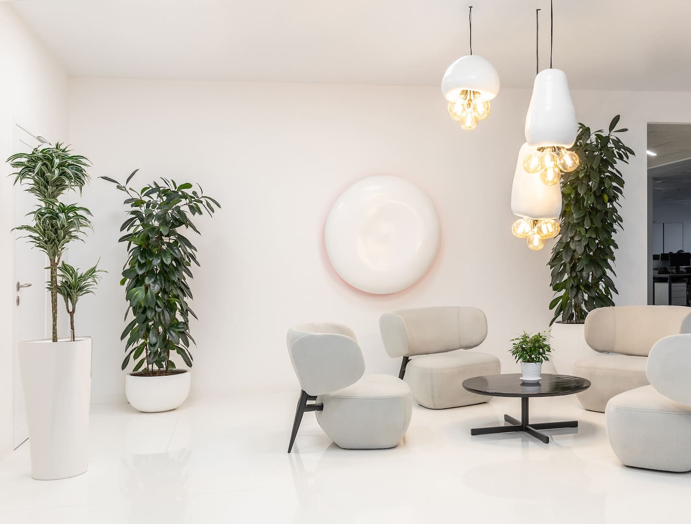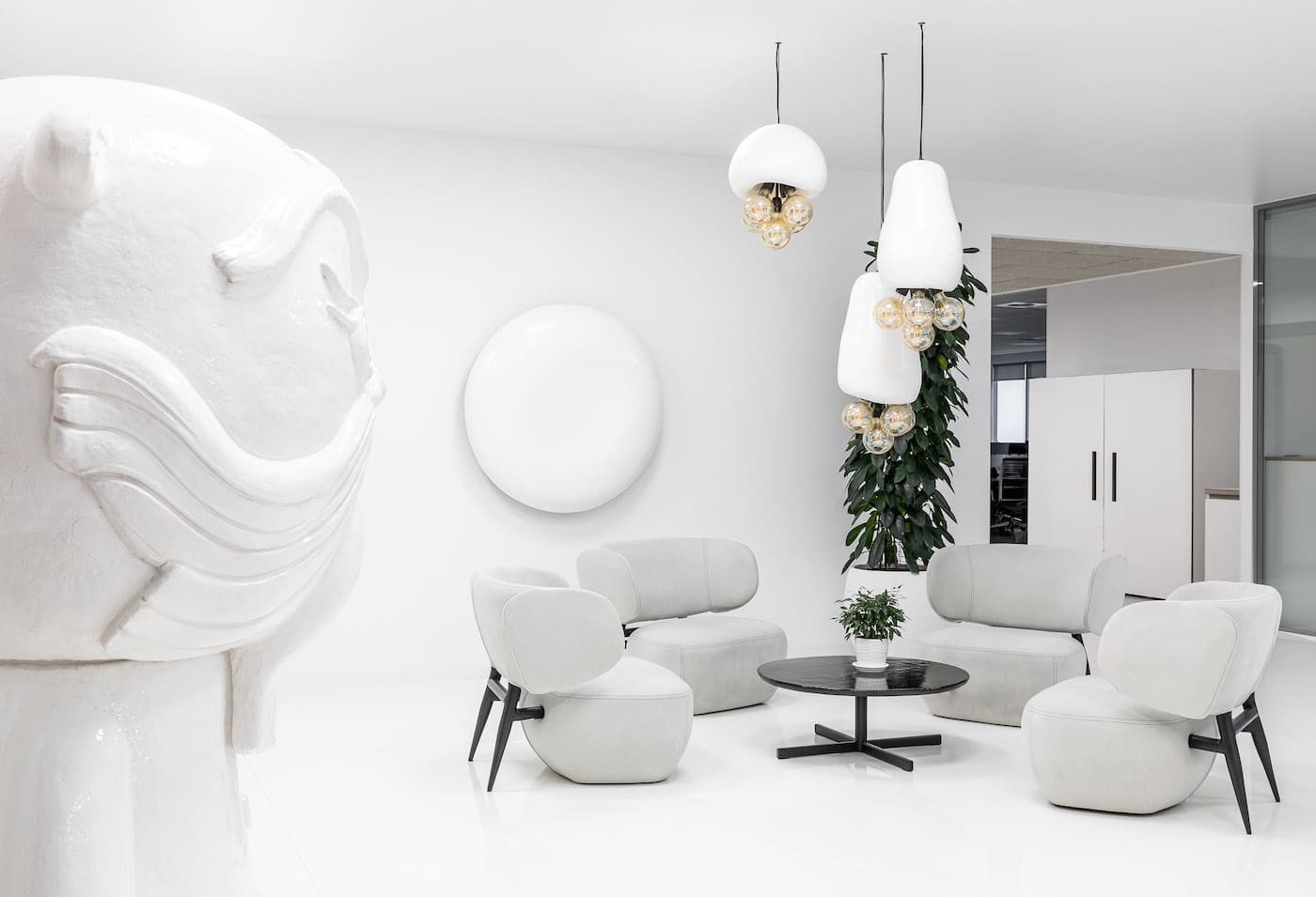Не забудьте об ярких пятнах в виде диванных подушек, контрастных штор или оригинального журнального столика. Разбавить унылый белый цвет можно вкраплениями голубого, насыщенного желтого, бирюзового. Это могут быть фото в рамке, картины, напольные вазы или оригинальные статуэтки.
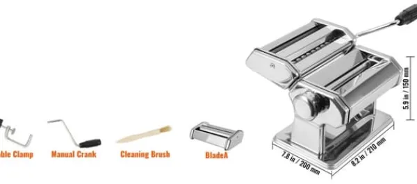 – Olika breddinställningar för olika smaker: Nudelvalsen och skäraren av rostfritt stål kan skära nudlar i två olika bredder: 0,06 tum eller 0,26 tum. Den är mycket lämplig för att göra tunna nudlar, pasta, etc., för att möta olika behov av pastatillverkning.
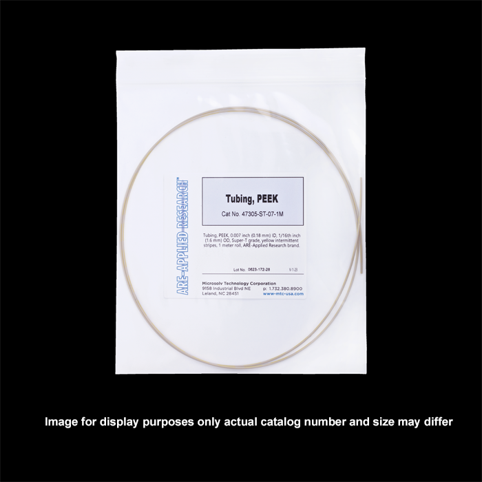 You determine the length of this Ultra-T™ grade (premium) tubing that is extruded from virgin PEEK material without any manufacturing additives. The broken yellow stripes are added only to the outside of the tubing, leaving the interior all natural PEEK which eliminates leachables due to color.
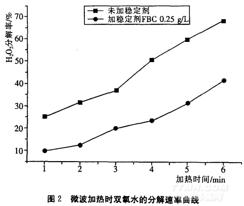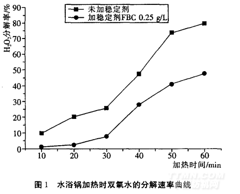 穩(wěn)定劑對(duì)雙氧水分解速率的影響見圖1和圖2
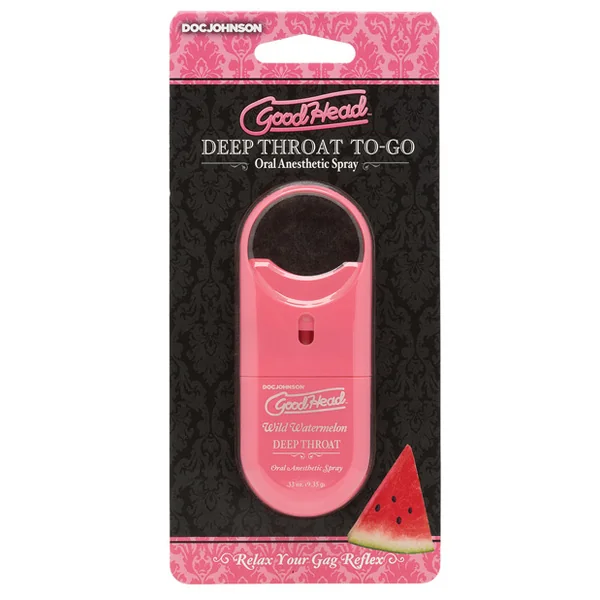 GoodHead Deep Throat Spray To Go Watermelon .33 fluid ounces from Doc Johnson. Go down easier. GoodHead Deep Throat Spray mildly numbs the back of the throat and suppresses the gag reflex to allow deep oral penetration without discomfort. This functional, flavorful spray is formulated for minimal medicinal taste and maximum effect in a variety of mouth watering flavors. Features: delicious throat desensitizer. Helps minimize gag reflex. Mild numbing agent. Freshens breath. Easy to use spray nozzle. Directions: spray into throat. One spray per use. Adults only. Warnings: allergy alert do not use this product if you have a history of allergy to local anesthetics such as procaine, butacaine, benzocaine or any other caine anesthetics. Active ingredient Benzocaine 5%. Proudly, made in America.

________

> **ACTIVITY**
Line by line, print the records above exactly, skipping each picture.

> **REPLY TO THE EXERCISE**
Не забудьте об ярких пятнах в виде диванных подушек, контрастных штор или оригинального журнального столика. Разбавить унылый белый цвет можно вкраплениями голубого, насыщенного желтого, бирюзового. Это могут быть фото в рамке, картины, напольные вазы или оригинальные статуэтки.
 – Olika breddinställningar för olika smaker: Nudelvalsen och skäraren av rostfritt stål kan skära nudlar i två olika bredder: 0,06 tum eller 0,26 tum. Den är mycket lämplig för att göra tunna nudlar, pasta, etc., för att möta olika behov av pastatillverkning.
 You determine the length of this Ultra-T™ grade (premium) tubing that is extruded from virgin PEEK material without any manufacturing additives. The broken yellow stripes are added only to the outside of the tubing, leaving the interior all natural PEEK which eliminates leachables due to color.
 穩(wěn)定劑對(duì)雙氧水分解速率的影響見圖1和圖2
 GoodHead Deep Throat Spray To Go Watermelon .33 fluid ounces from Doc Johnson. Go down easier. GoodHead Deep Throat Spray mildly numbs the back of the throat and suppresses the gag reflex to allow deep oral penetration without discomfort. This functional, flavorful spray is formulated for minimal medicinal taste and maximum effect in a variety of mouth watering flavors. Features: delicious throat desensitizer. Helps minimize gag reflex. Mild numbing agent. Freshens breath. Easy to use spray nozzle. Directions: spray into throat. One spray per use. Adults only. Warnings: allergy alert do not use this product if you have a history of allergy to local anesthetics such as procaine, butacaine, benzocaine or any other caine anesthetics. Active ingredient Benzocaine 5%. Proudly, made in America.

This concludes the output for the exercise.